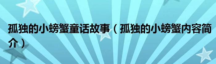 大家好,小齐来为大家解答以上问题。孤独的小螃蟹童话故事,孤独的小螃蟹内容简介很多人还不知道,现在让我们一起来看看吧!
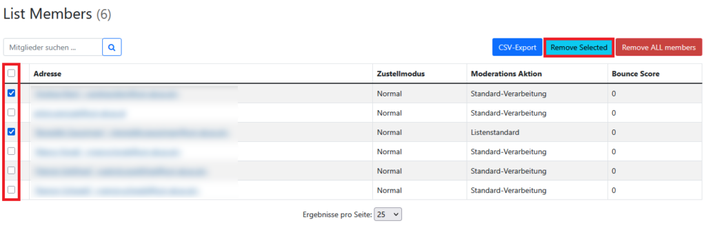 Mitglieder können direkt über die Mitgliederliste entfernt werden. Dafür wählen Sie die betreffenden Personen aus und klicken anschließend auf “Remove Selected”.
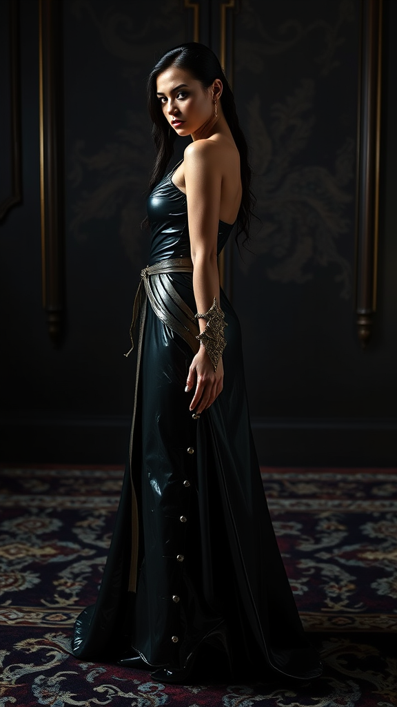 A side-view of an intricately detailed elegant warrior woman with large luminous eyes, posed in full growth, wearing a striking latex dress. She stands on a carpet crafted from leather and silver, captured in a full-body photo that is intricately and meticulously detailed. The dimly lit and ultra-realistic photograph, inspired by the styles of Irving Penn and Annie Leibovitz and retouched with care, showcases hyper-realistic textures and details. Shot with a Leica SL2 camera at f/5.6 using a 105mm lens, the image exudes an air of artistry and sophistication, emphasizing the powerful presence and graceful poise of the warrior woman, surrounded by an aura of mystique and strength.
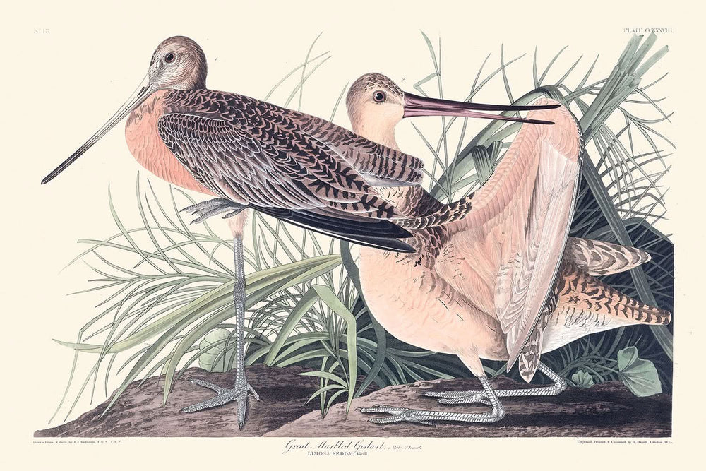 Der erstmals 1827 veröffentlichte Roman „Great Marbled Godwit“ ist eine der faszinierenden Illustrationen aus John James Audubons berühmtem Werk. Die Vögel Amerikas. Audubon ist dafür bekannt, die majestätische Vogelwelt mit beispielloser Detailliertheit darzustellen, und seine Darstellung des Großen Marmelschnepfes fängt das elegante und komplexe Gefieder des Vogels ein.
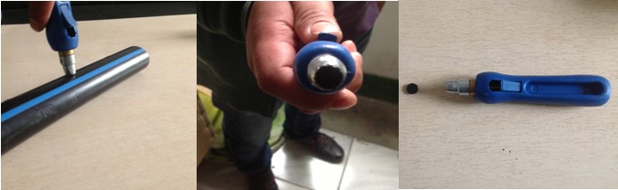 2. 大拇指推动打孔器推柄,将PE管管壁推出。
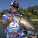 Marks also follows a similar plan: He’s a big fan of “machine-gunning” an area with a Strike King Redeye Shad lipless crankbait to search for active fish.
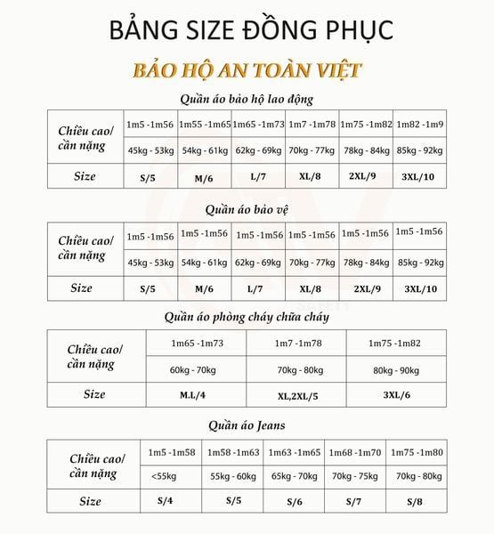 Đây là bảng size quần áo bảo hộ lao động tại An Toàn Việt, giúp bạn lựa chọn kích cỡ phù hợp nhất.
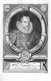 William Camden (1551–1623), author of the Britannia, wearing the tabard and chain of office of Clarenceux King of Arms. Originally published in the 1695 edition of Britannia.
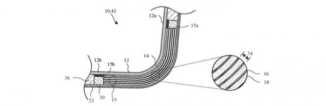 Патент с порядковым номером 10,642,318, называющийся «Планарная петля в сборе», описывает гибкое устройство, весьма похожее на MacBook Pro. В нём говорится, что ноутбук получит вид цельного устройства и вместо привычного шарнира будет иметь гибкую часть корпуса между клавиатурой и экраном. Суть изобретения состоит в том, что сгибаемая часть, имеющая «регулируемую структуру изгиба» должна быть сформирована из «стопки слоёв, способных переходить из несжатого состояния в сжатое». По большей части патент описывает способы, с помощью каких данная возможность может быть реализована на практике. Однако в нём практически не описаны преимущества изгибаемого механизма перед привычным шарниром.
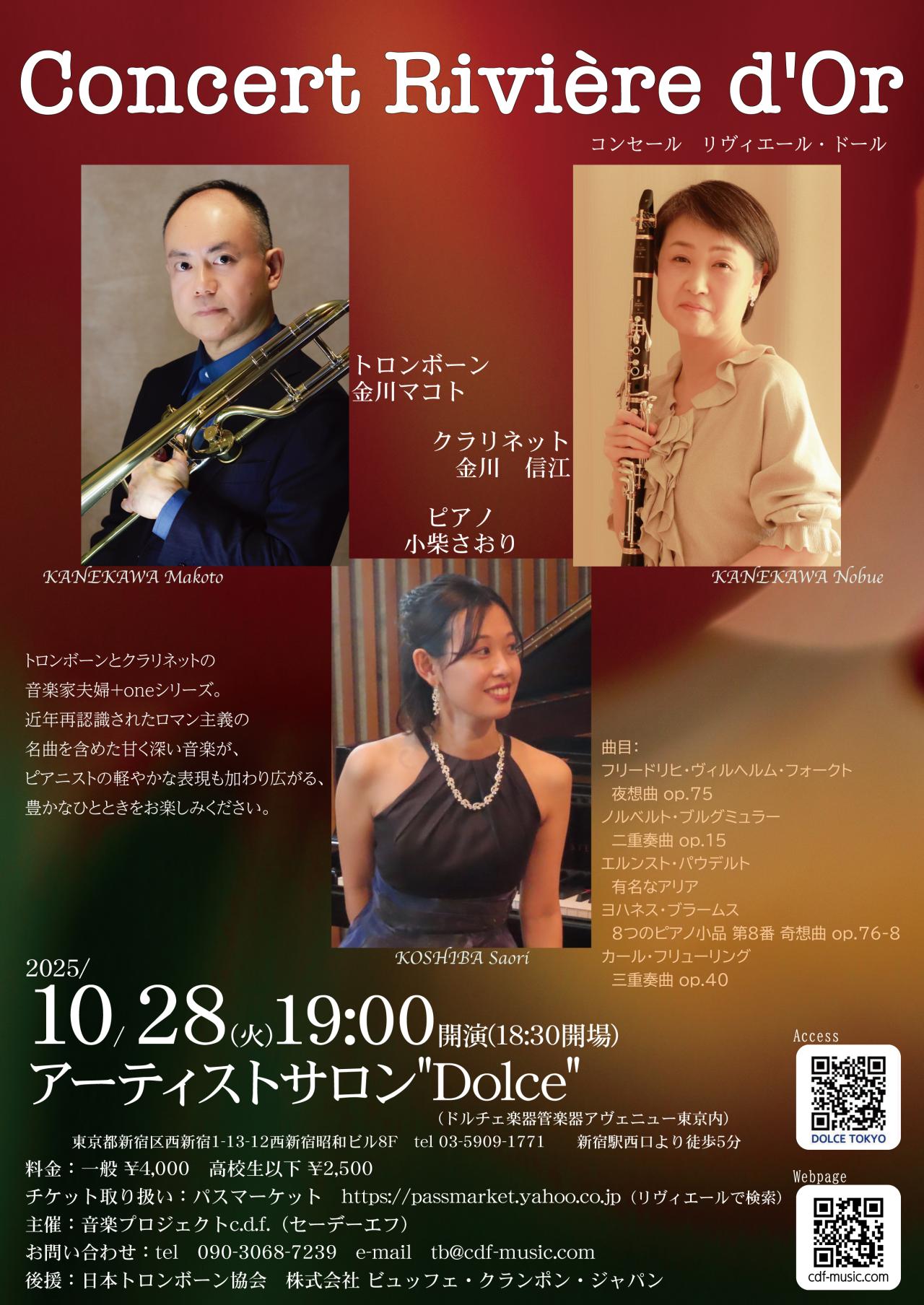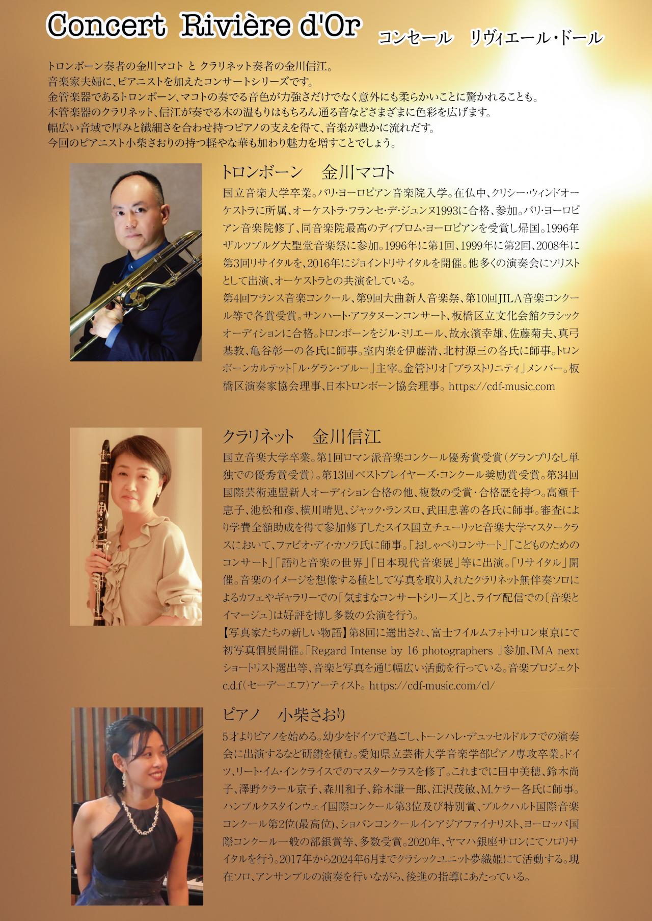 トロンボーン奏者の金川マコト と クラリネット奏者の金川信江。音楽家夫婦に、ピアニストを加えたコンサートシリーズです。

==

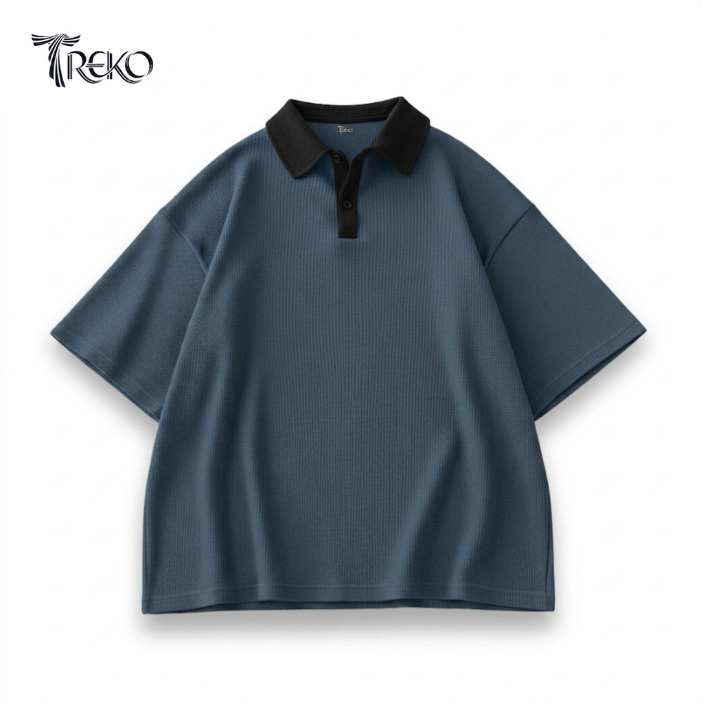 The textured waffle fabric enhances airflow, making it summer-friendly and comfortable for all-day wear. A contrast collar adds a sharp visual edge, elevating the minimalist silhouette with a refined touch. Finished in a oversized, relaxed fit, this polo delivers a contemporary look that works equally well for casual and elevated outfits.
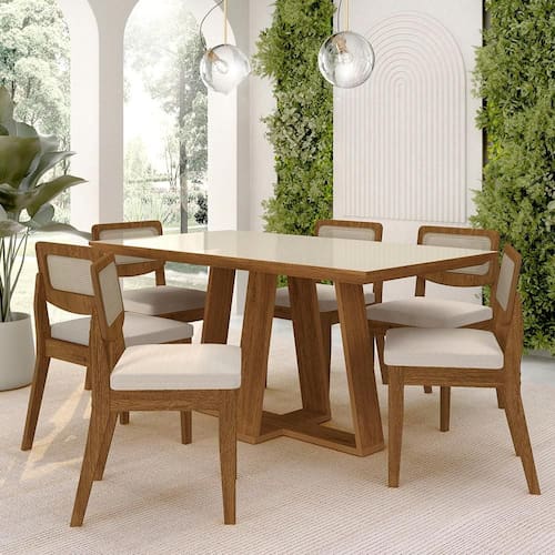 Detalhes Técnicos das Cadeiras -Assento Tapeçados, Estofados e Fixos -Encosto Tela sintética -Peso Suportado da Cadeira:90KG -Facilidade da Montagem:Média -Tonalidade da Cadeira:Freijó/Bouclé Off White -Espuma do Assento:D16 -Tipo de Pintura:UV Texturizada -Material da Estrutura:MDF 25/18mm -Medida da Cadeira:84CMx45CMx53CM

* * *

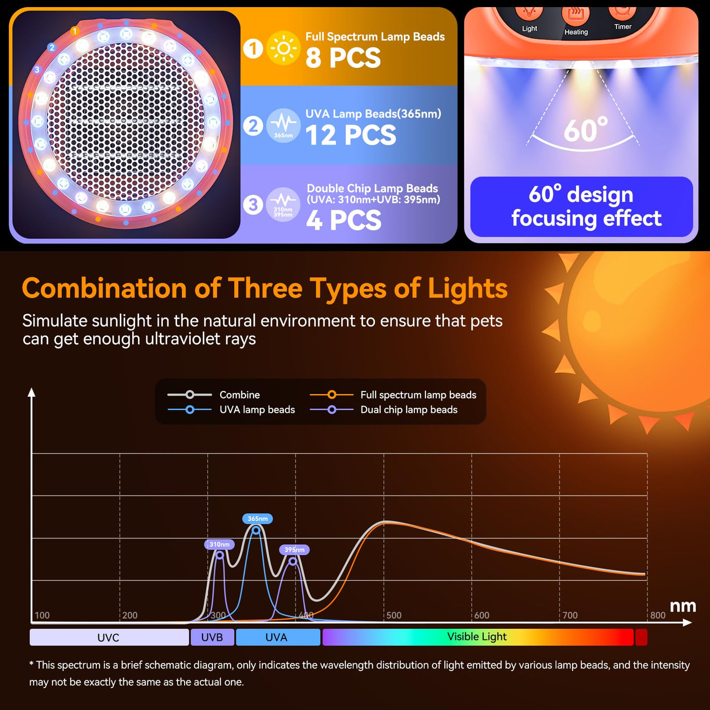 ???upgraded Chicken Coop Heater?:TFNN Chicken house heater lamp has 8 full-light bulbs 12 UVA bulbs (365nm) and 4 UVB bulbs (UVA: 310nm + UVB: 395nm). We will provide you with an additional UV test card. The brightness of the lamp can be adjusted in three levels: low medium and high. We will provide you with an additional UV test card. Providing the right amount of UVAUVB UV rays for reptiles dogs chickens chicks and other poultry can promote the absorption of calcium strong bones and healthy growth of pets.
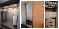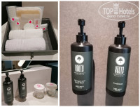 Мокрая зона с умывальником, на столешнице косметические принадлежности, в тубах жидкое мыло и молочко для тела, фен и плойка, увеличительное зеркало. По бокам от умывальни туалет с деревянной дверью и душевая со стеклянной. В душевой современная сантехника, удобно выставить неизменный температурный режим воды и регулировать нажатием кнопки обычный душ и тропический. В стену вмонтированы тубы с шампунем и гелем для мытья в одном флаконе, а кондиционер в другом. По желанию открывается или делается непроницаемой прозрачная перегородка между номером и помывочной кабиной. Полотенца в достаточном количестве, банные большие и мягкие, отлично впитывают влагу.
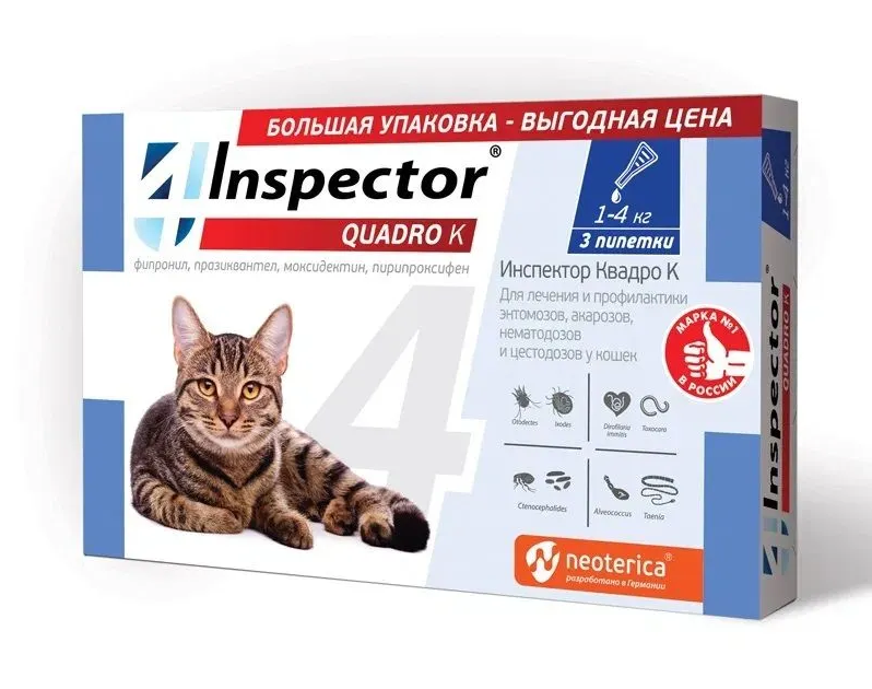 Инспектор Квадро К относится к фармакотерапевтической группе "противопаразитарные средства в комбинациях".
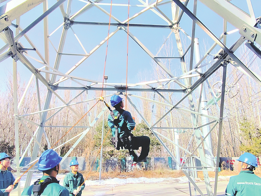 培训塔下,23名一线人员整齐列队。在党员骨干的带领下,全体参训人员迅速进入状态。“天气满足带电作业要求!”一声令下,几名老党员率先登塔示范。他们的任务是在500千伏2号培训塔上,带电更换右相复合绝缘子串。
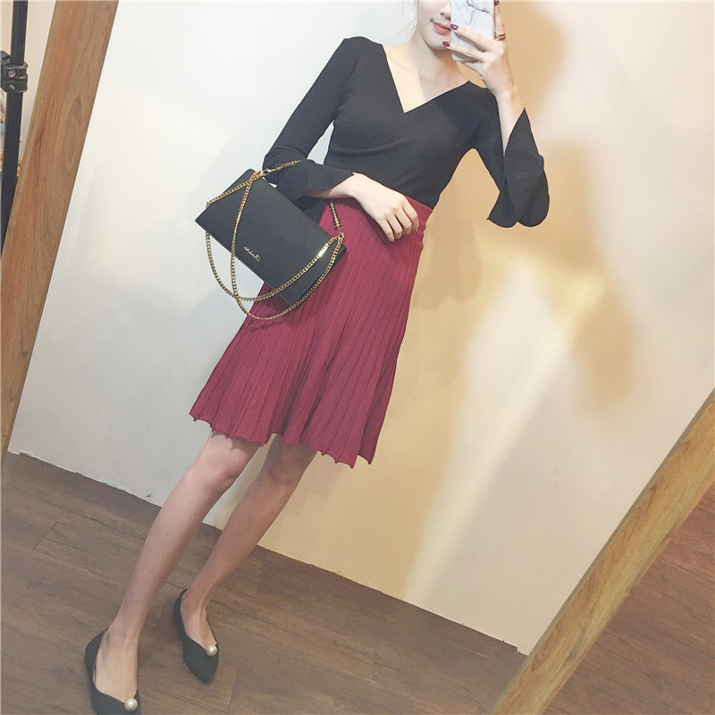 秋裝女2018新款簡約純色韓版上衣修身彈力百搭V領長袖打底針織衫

--- Work request ---
Nothing outside the stretch above, from the line with "大家好,小齐来为大家解答以上" through the line with "2. 大拇指推动打孔器推柄,将PE管管壁推出。", is set down. Transcribe that stretch exactly, ends included, but not its pictures.

--- Response ---
 大家好,小齐来为大家解答以上问题。孤独的小螃蟹童话故事,孤独的小螃蟹内容简介很多人还不知道,现在让我们一起来看看吧!
 Mitglieder können direkt über die Mitgliederliste entfernt werden. Dafür wählen Sie die betreffenden Personen aus und klicken anschließend auf “Remove Selected”.
 A side-view of an intricately detailed elegant warrior woman with large luminous eyes, posed in full growth, wearing a striking latex dress. She stands on a carpet crafted from leather and silver, captured in a full-body photo that is intricately and meticulously detailed. The dimly lit and ultra-realistic photograph, inspired by the styles of Irving Penn and Annie Leibovitz and retouched with care, showcases hyper-realistic textures and details. Shot with a Leica SL2 camera at f/5.6 using a 105mm lens, the image exudes an air of artistry and sophistication, emphasizing the powerful presence and graceful poise of the warrior woman, surrounded by an aura of mystique and strength.
 Der erstmals 1827 veröffentlichte Roman „Great Marbled Godwit“ ist eine der faszinierenden Illustrationen aus John James Audubons berühmtem Werk. Die Vögel Amerikas. Audubon ist dafür bekannt, die majestätische Vogelwelt mit beispielloser Detailliertheit darzustellen, und seine Darstellung des Großen Marmelschnepfes fängt das elegante und komplexe Gefieder des Vogels ein.
 2. 大拇指推动打孔器推柄,将PE管管壁推出。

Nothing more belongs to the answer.